- To do:
The copy has to match the data exactly and leave out every picture.
****
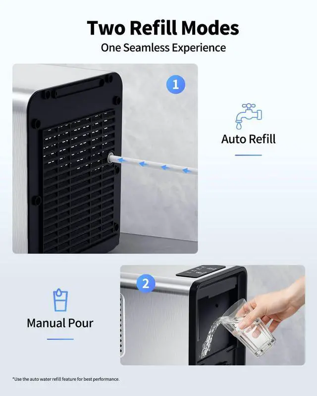 Auto Water Supply No Manual Refills Needed: With its built-in automatic water feed system, this ice machine refills itself as it worksno more stopping to pour water. Enjoy nonstop nugget ice from a convenient ice makers countertop design. Spend more time enjoying your drinks and less time refilling your ice cube maker.
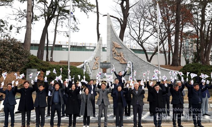 시민행정신문 강갑수 기자 | 1일 잃어버린 조국을 되찾기 위해 외쳤던 3.1 독립만세운동이 107주년을 맞이한 가운데 1976년 건립된 강진군 강진읍 서성리 3.1운동 기념비 앞에서 김준철 강진 부군수를 비롯해 각급 기관단체장 등 참석자들이 기념식을 갖고 대한독립 만세를 외치고 있다.
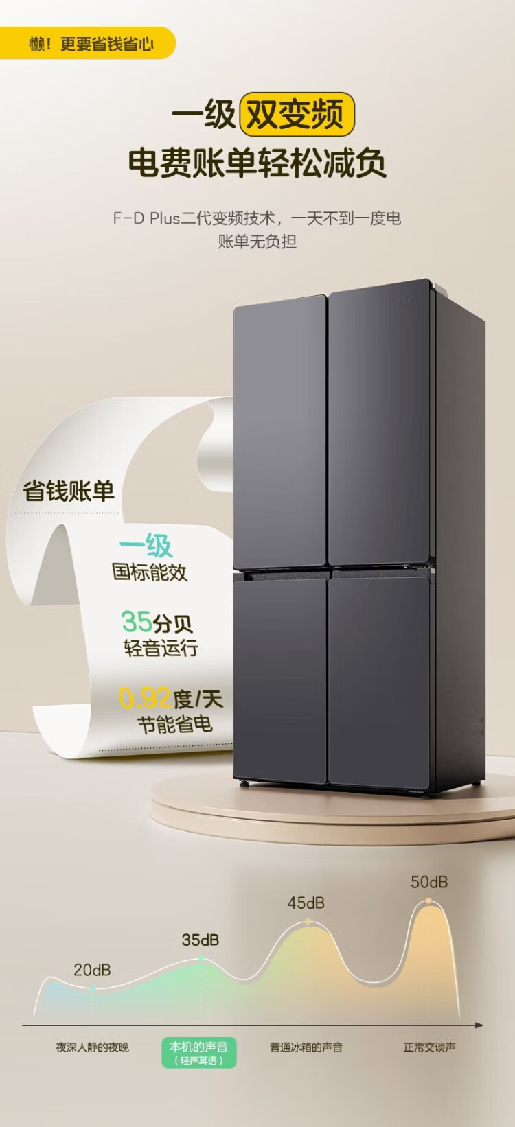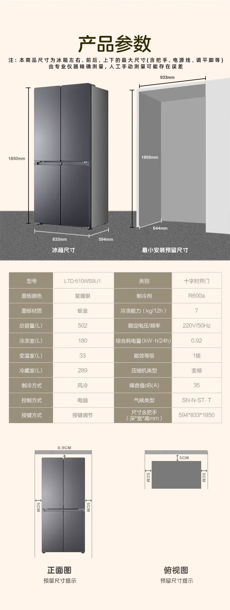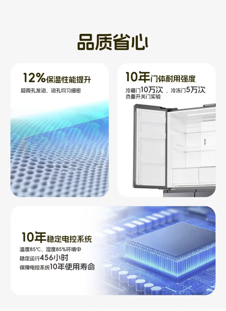 Haier refrigerator 502 liter double cycle ultra-thin can be embedded in four-door cross double-door first-class energy efficiency dual frequency conversion within 60cm large capacity national subsidy leader series 510 lazy series + 594mm ultra-thin + double sterilization + three-speed temperature change
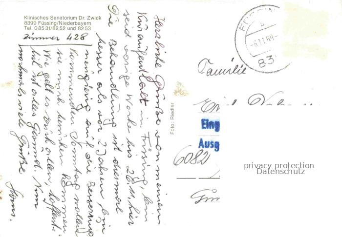 74049686 alte Postkarte BAD FuessING Klinisches Sanatorium Dr. Zwick Johannesbad Hallenbad postalisch gelaufen Erhaltung siehe scans [FriedD77] KatCode: 11110009275116
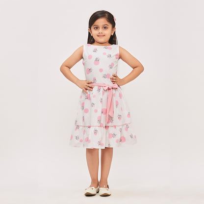 White & Pink Flower Belt Dress – Classic Spring Outfit Elevate your daughter's spring wardrobe with this charming floral dress, featuring delicate white and pink flower prints that capture the essence of the season. The integrated belt cinches at the waist, creating a polished silhouette while adding a touch of sophistication. Crafted for comfort and style, this dress transitions seamlessly from casual playdates to special occasions. The classic design ensures versatility, pairing effortlessly with cardigans, jackets, or worn solo on warmer days. Perfect for creating memorable moments in timeless style.
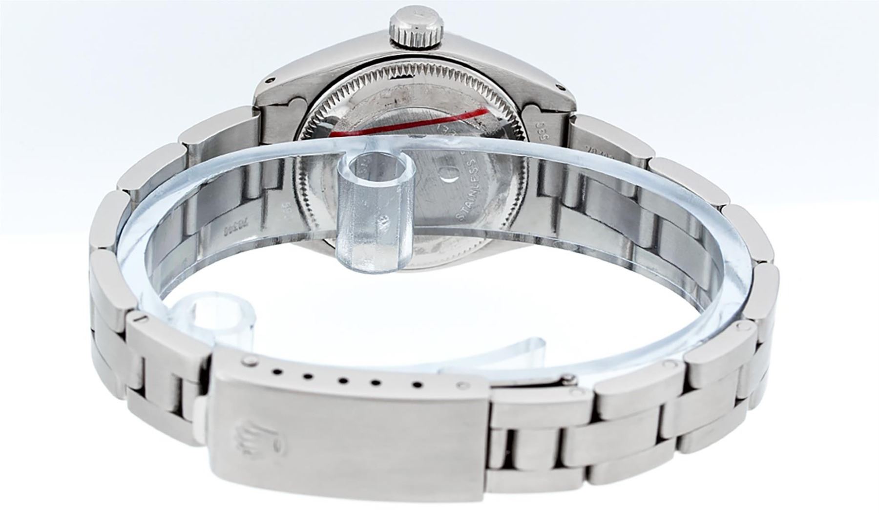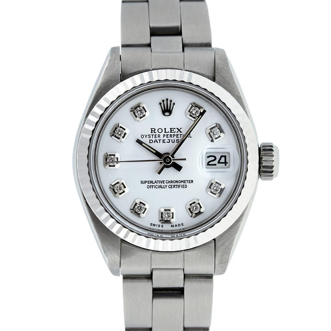 One Ladies Stainless Steel Rolex Wristwatch Polished Bright with Satin Finish, Serviced & Electronically Tested, Stainless Steel Case: 26mm, Stainless Steel Crown, Bezel: White Gold Bezel. Custom Crystal: New Sapphire With Magnified Date Window. Custom Hands: New Luminescent Hands. Rolex Movement: Automatic Winding Movement. Custom Dial: Custom White Dial With Added Diamond Hour Markers, Diamond Count: 10 Diamonds In Dial. Date Window: 3 O'Clock Position Date Display. Condition: G-6 Extra Fine. Rolex Bracelet: Stainless Steel Oyster Band. Bright Polish & Satin Finish. 6.0 Inch Length, Adjustable. Standard Clasp, With Rolex Logo. This Watch Has Been Serviced Time Tested And Is In Excellent Condition It Is Free Of All Scratches And Dents.
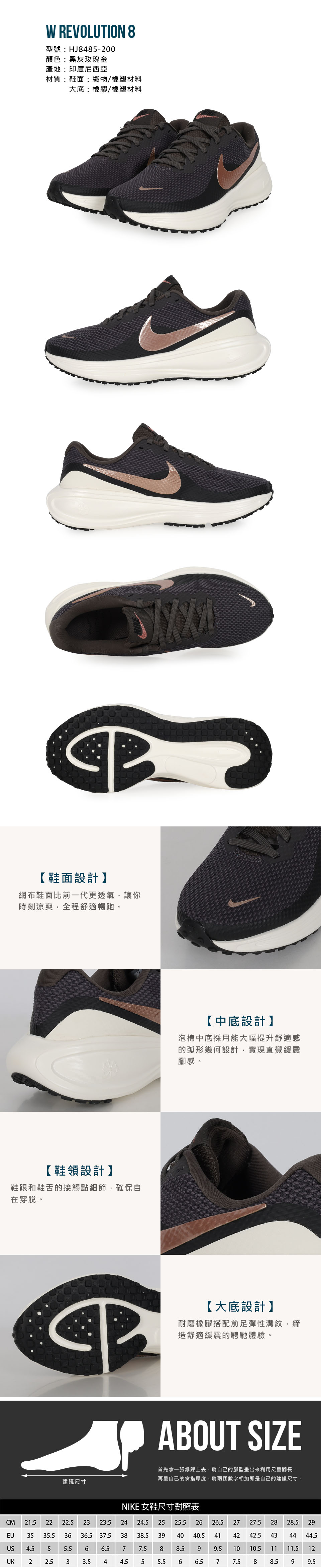NIKE 女款緩震慢跑鞋  @W REVOLUTION 8@ HJ8485-200 - 黑灰玫瑰金
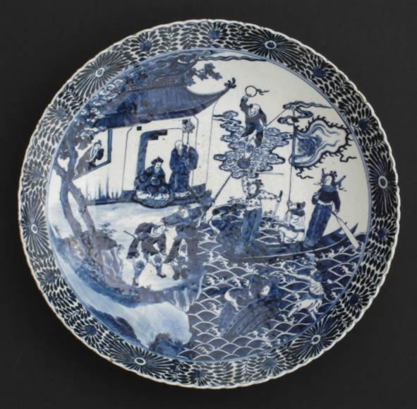 COUPE de forme lobée en porcelaine blanche décorée en bleu sous couverte de personnages et divinités. Au revers de la base la marque apocryphe de Kangxi.
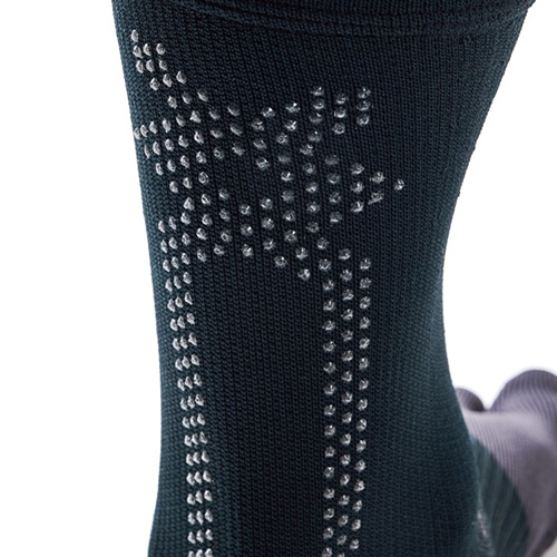 ●踵の後側から履き口まで加工されたシリコンプリントは、スパイクの踵とのグリップと、カーフソックスとの重ね履きを考慮。
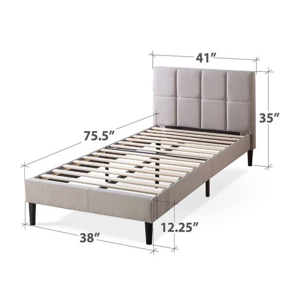 Lottie Beige Twin Upholstered Platform Bed Frame with Short Headboard
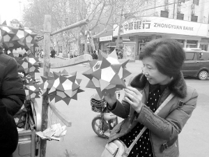 在中州大道上,来自淮阳的李先生在售卖手工花灯,这些花灯是由纸、铁丝、小木板制作而成,简洁、复古、便宜,售价5元。一位购买手工花灯的市民说,看到这些灯,瞬间勾起了儿时的美好回忆。同样,商水固墙76岁老农智留成用秸秆、纸、彩色鸡毛等制成的“鱼”灯也受到市民热捧。市民黄女士选购手工花灯时说:“我小时候就买过这种花灯,到现在还记忆犹新,今天正好遇见了,怎么也得给孩子买一个。”
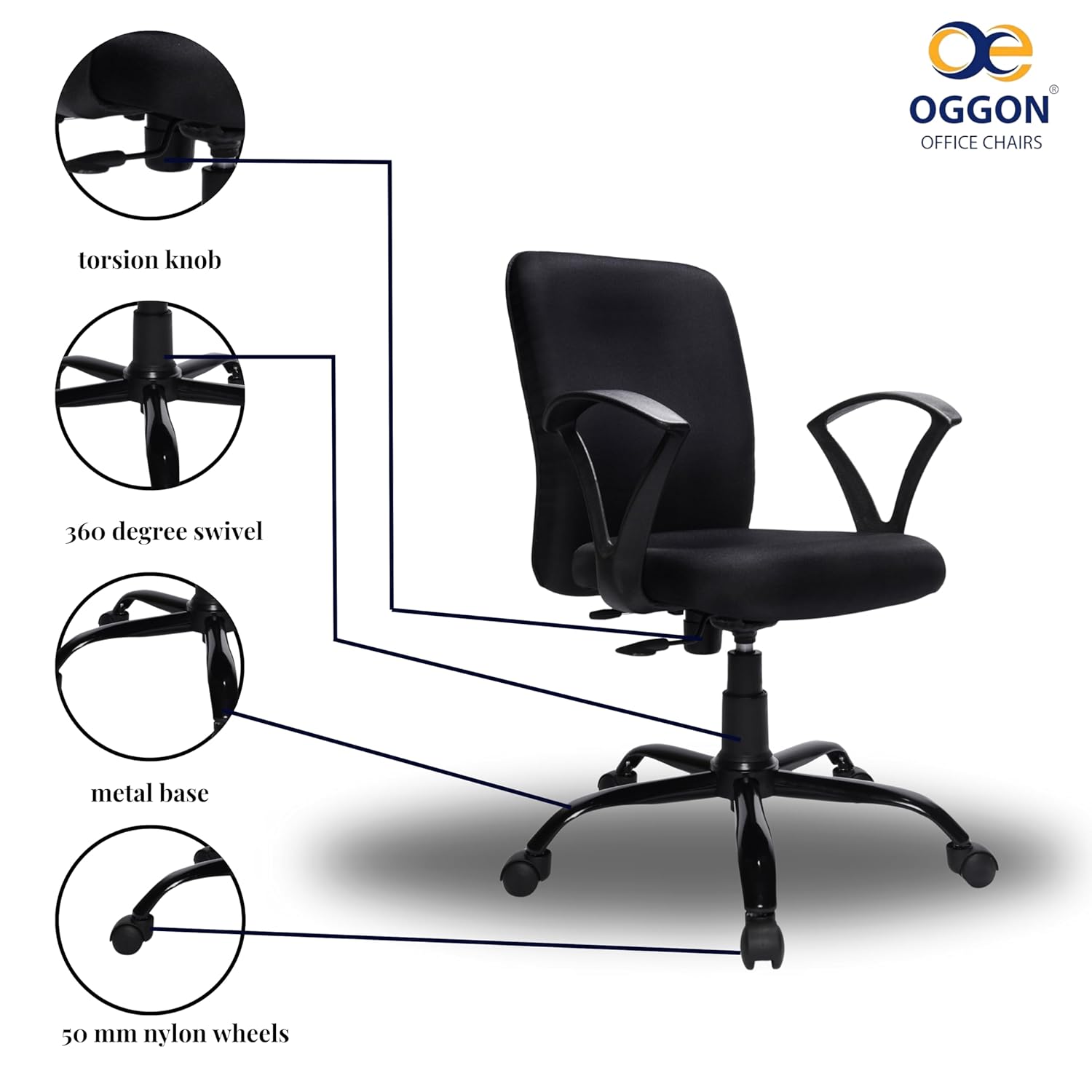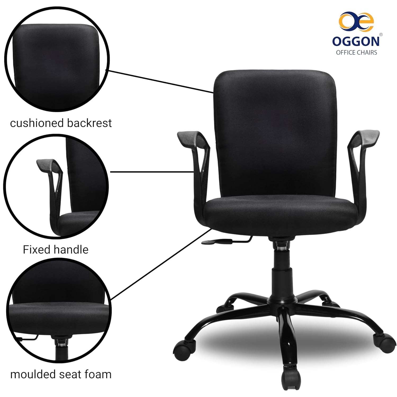 OGGON® FAB Ergonomic Home Office Desk Chair | Swivel | Medium Back | Adjustable Height | Padded with Soft Foam | Metal Base | Home & Office Use | 12 Month Warranty (Black)
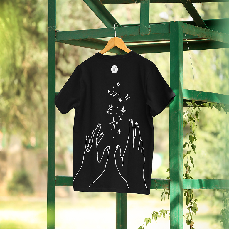 You have the stars at your fingertips. Connect to your cosmic roots with this beautiful, line-drawn design, printed onto our soft and wearable graphic tee.
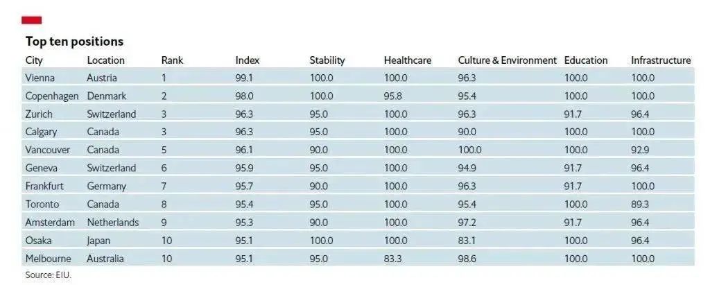 近日,英國經(jīng)濟學人智庫發(fā)布了“2022年全球最宜居城市”排行榜。
****
- Answer to this problem:
 Auto Water Supply No Manual Refills Needed: With its built-in automatic water feed system, this ice machine refills itself as it worksno more stopping to pour water. Enjoy nonstop nugget ice from a convenient ice makers countertop design. Spend more time enjoying your drinks and less time refilling your ice cube maker.
 시민행정신문 강갑수 기자 | 1일 잃어버린 조국을 되찾기 위해 외쳤던 3.1 독립만세운동이 107주년을 맞이한 가운데 1976년 건립된 강진군 강진읍 서성리 3.1운동 기념비 앞에서 김준철 강진 부군수를 비롯해 각급 기관단체장 등 참석자들이 기념식을 갖고 대한독립 만세를 외치고 있다.
 Haier refrigerator 502 liter double cycle ultra-thin can be embedded in four-door cross double-door first-class energy efficiency dual frequency conversion within 60cm large capacity national subsidy leader series 510 lazy series + 594mm ultra-thin + double sterilization + three-speed temperature change
 74049686 alte Postkarte BAD FuessING Klinisches Sanatorium Dr. Zwick Johannesbad Hallenbad postalisch gelaufen Erhaltung siehe scans [FriedD77] KatCode: 11110009275116
 White & Pink Flower Belt Dress – Classic Spring Outfit Elevate your daughter's spring wardrobe with this charming floral dress, featuring delicate white and pink flower prints that capture the essence of the season. The integrated belt cinches at the waist, creating a polished silhouette while adding a touch of sophistication. Crafted for comfort and style, this dress transitions seamlessly from casual playdates to special occasions. The classic design ensures versatility, pairing effortlessly with cardigans, jackets, or worn solo on warmer days. Perfect for creating memorable moments in timeless style.
 One Ladies Stainless Steel Rolex Wristwatch Polished Bright with Satin Finish, Serviced & Electronically Tested, Stainless Steel Case: 26mm, Stainless Steel Crown, Bezel: White Gold Bezel. Custom Crystal: New Sapphire With Magnified Date Window. Custom Hands: New Luminescent Hands. Rolex Movement: Automatic Winding Movement. Custom Dial: Custom White Dial With Added Diamond Hour Markers, Diamond Count: 10 Diamonds In Dial. Date Window: 3 O'Clock Position Date Display. Condition: G-6 Extra Fine. Rolex Bracelet: Stainless Steel Oyster Band. Bright Polish & Satin Finish. 6.0 Inch Length, Adjustable. Standard Clasp, With Rolex Logo. This Watch Has Been Serviced Time Tested And Is In Excellent Condition It Is Free Of All Scratches And Dents.
NIKE 女款緩震慢跑鞋  @W REVOLUTION 8@ HJ8485-200 - 黑灰玫瑰金
 COUPE de forme lobée en porcelaine blanche décorée en bleu sous couverte de personnages et divinités. Au revers de la base la marque apocryphe de Kangxi.
 ●踵の後側から履き口まで加工されたシリコンプリントは、スパイクの踵とのグリップと、カーフソックスとの重ね履きを考慮。
 Lottie Beige Twin Upholstered Platform Bed Frame with Short Headboard
 在中州大道上,来自淮阳的李先生在售卖手工花灯,这些花灯是由纸、铁丝、小木板制作而成,简洁、复古、便宜,售价5元。一位购买手工花灯的市民说,看到这些灯,瞬间勾起了儿时的美好回忆。同样,商水固墙76岁老农智留成用秸秆、纸、彩色鸡毛等制成的“鱼”灯也受到市民热捧。市民黄女士选购手工花灯时说:“我小时候就买过这种花灯,到现在还记忆犹新,今天正好遇见了,怎么也得给孩子买一个。”
 OGGON® FAB Ergonomic Home Office Desk Chair | Swivel | Medium Back | Adjustable Height | Padded with Soft Foam | Metal Base | Home & Office Use | 12 Month Warranty (Black)
 You have the stars at your fingertips. Connect to your cosmic roots with this beautiful, line-drawn design, printed onto our soft and wearable graphic tee.
 近日,英國經(jīng)濟學人智庫發(fā)布了“2022年全球最宜居城市”排行榜。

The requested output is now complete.